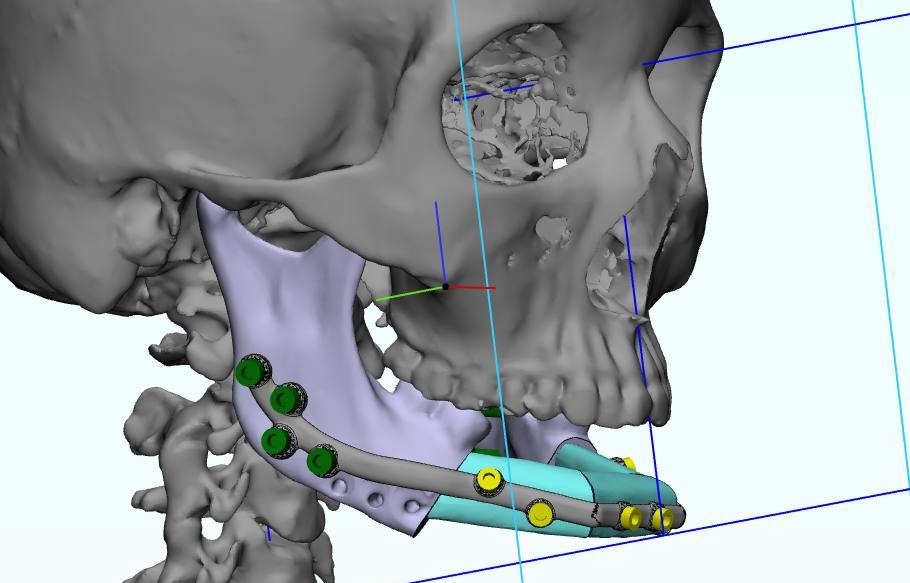 Спустя два года пациентка пожаловалась на трудности при пережёвывании пищи из-за отсутствия зубов на нижней челюсти. Врачи не могли установить протезы, так как пластина могла прорезаться через мягкие ткани. Тогда они решили примени современный метод — замещение дефекта нижней челюсти костным малоберцовым лоскутом.
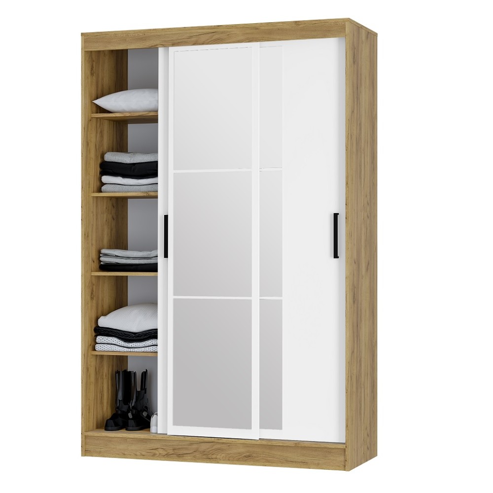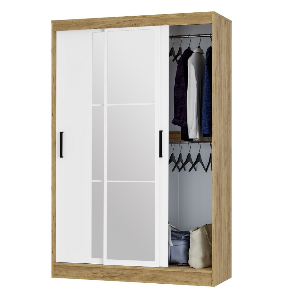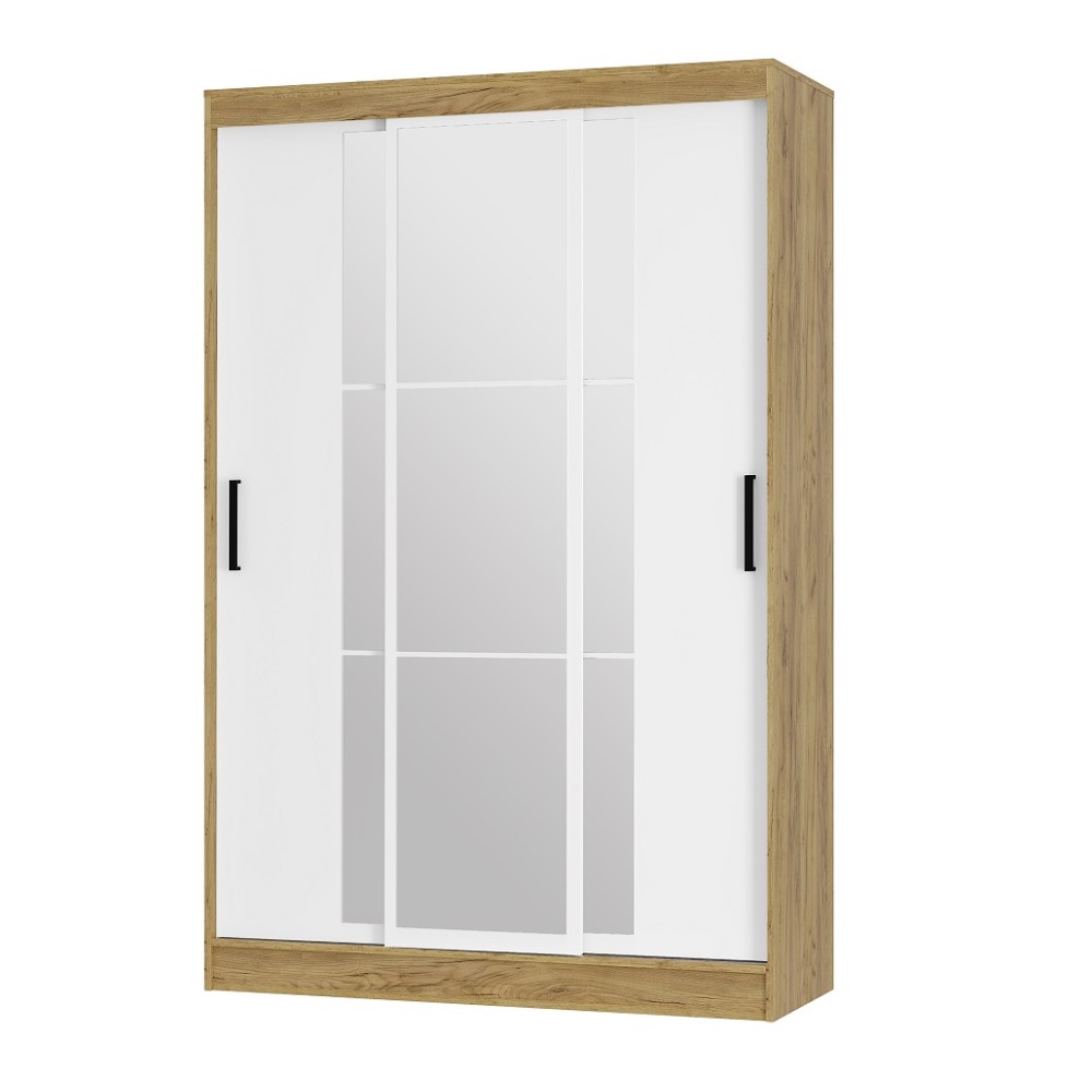 Раздвижные створки снабжены удобными ручками, центральная створка полностью декорирована зеркалом с еврокромкой, которое создаёт иллюзию расширенного пространства.
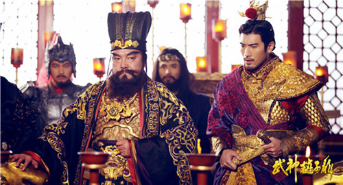 而剧中吕布的造型则堪称时尚界的灾难。其头冠上摇晃的小红球俨然就是来搞笑的。而锦衣华服,明媚紫色底配上深紫、粉红大花……如此娇娆的服饰真让人好奇一介武将能Hold得住么,以至于有观众惊呼,“吕布一出场,我以为看到的是西门庆!”
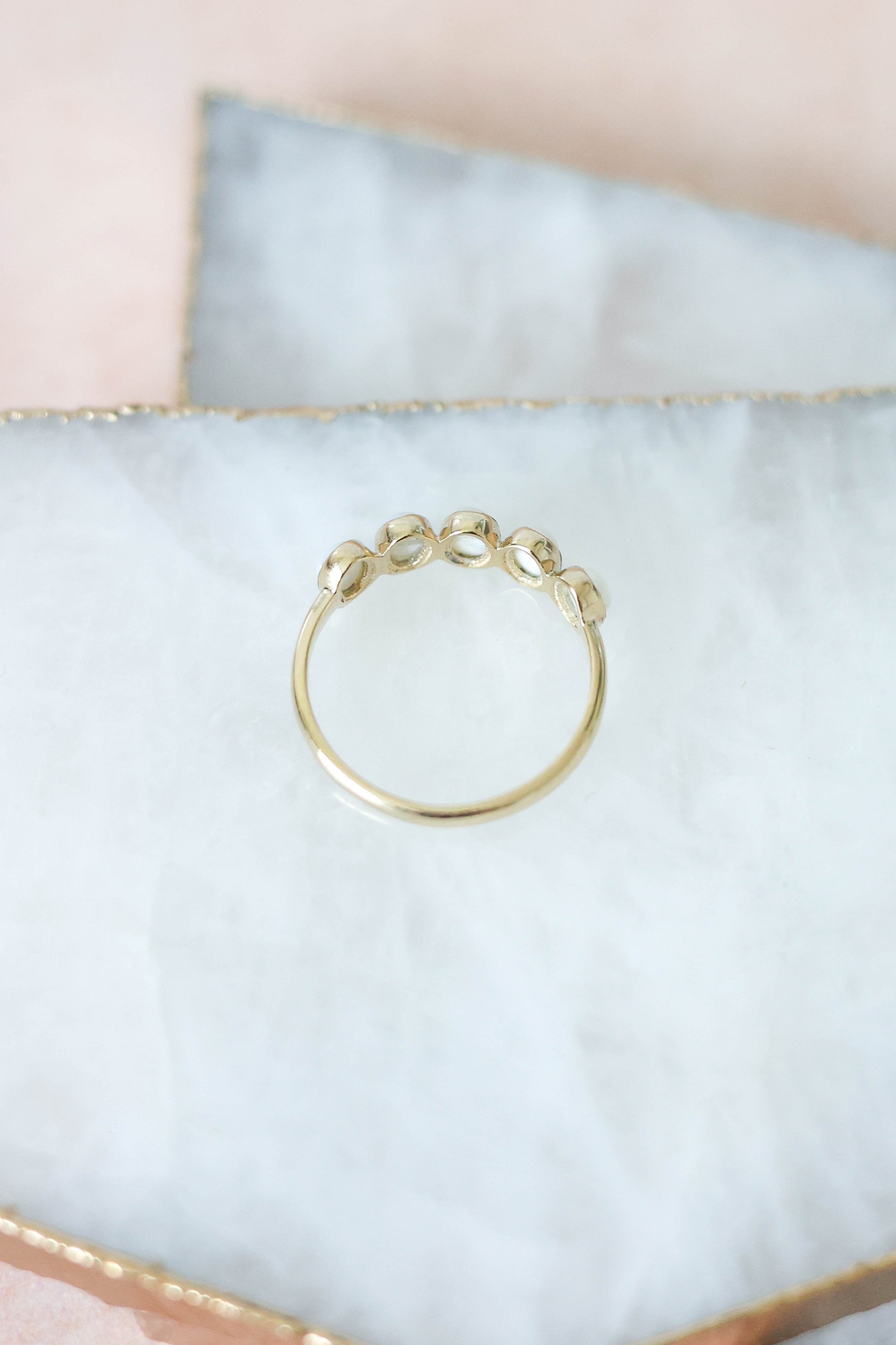 Why have one stone when you can have 5?! This multi-stone pearl ring is set in 14k gold vermeil and we must say, you're going to love this one! She's comfortable, cute, and will fit right into your collection.

============

_The task_: What is needed is an exact copy of the lines from the line with "Раздвижные створки снабжены" to the end of the data above, both included, without any pictures.

_Solution to this task_:
 Раздвижные створки снабжены удобными ручками, центральная створка полностью декорирована зеркалом с еврокромкой, которое создаёт иллюзию расширенного пространства.
 而剧中吕布的造型则堪称时尚界的灾难。其头冠上摇晃的小红球俨然就是来搞笑的。而锦衣华服,明媚紫色底配上深紫、粉红大花……如此娇娆的服饰真让人好奇一介武将能Hold得住么,以至于有观众惊呼,“吕布一出场,我以为看到的是西门庆!”
 Why have one stone when you can have 5?! This multi-stone pearl ring is set in 14k gold vermeil and we must say, you're going to love this one! She's comfortable, cute, and will fit right into your collection.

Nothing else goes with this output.